Software Update Destroys $286M Japanese Satellite - stevekemp
http://hackaday.com/2016/05/02/software-update-destroys-286-million-japanese-satellite/
======
walrus01
I know this was a science and LEO (low earth orbit) satellite, but here's
something to consider when thinking about the difficulties of engineering
hardware & software to work together in a satellite.

Geostationary telecom (and weather, and SIGINT, etc) satellites: In the entire
history of manned spaceflight no human has ever visited geostationary orbit.
Once placed in a geostationary transfer orbit (about 450 x 36,000 km) and then
onwards to final geostationary orbit, nobody will ever see a satellite again.
The largest ones weigh 6000 kilograms and are the size of greyhound buses.
They're out there right now operating with multiply-redundant everything and
cost $150 million to build and launch.

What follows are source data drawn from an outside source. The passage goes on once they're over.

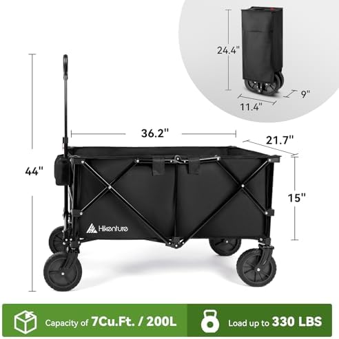 Be the first to review “Hikenture Collapsible Wagon with 200L Large Capacity, Utility Wagons Carts Heavy Duty Foldable, Portable Folding Wagon with All-Terrain Wheels, Garden Cart”
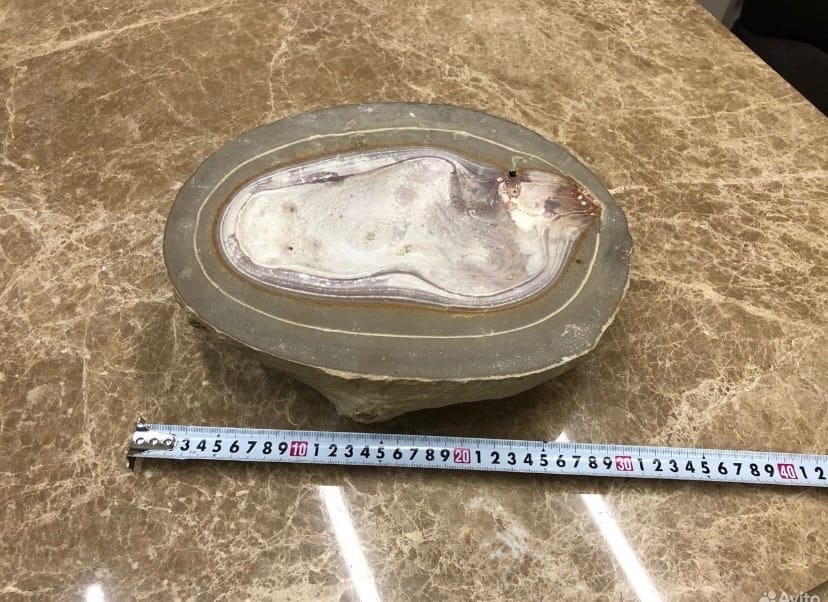 «Идеальный раскол наглядно показывает две практически ровные половинки, выпуклая сердцевина отчетливо идентична зародышу животного. Обнаружено на известковом карьере, глубина залегания 50 метров», — сообщается в объявлении.
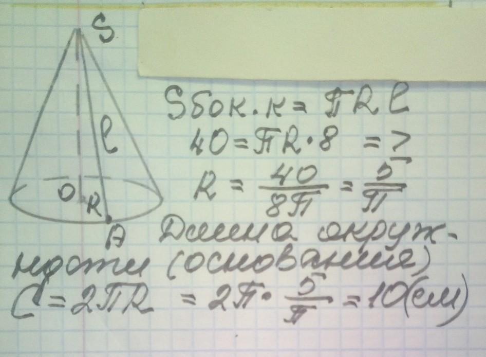 Твірна конуса дорівнює 8 см, а площа йогобічної поверхні 40см2. Знайдіть довжину радіуса кола.
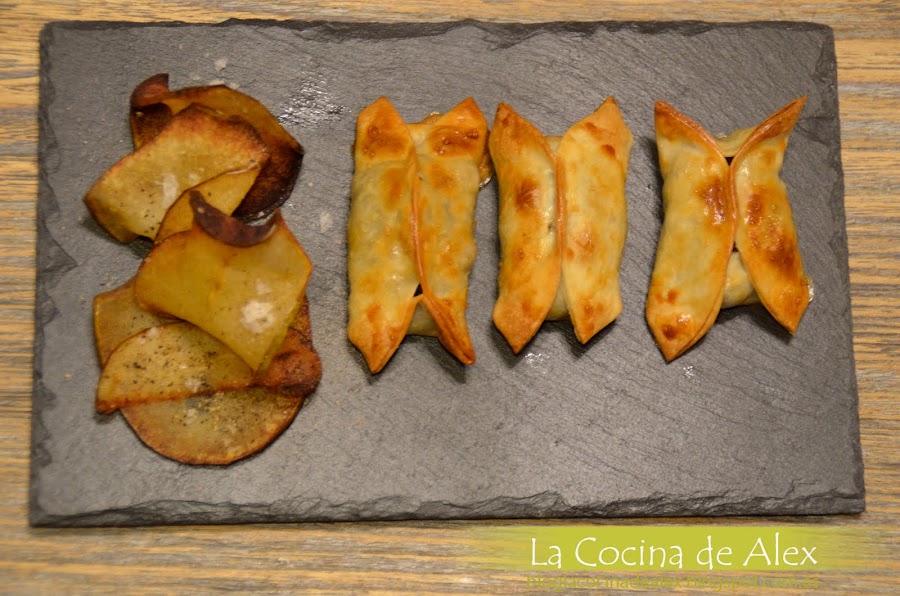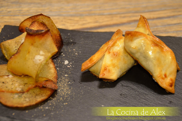 Para la presentación final simplemente acompañamos las empanadillas con los chips de manzanas previamente sal-pimentadas y a disfrutar de un aperitivo que os va a sorprender.

It is highly unlikely that any time in
the next 25 years any human will ever visit one in person or touch one. When a
satellite is encapsulated in its fairing/shroud for launch that is the last
time anyone will ever see it until its ultimate end of life in hopefully 15
years. Every one of its control systems needs to be so thoroughly debugged and
multiply redundant that it can operate out there with absolutely zero chance
of repair or parts replacement.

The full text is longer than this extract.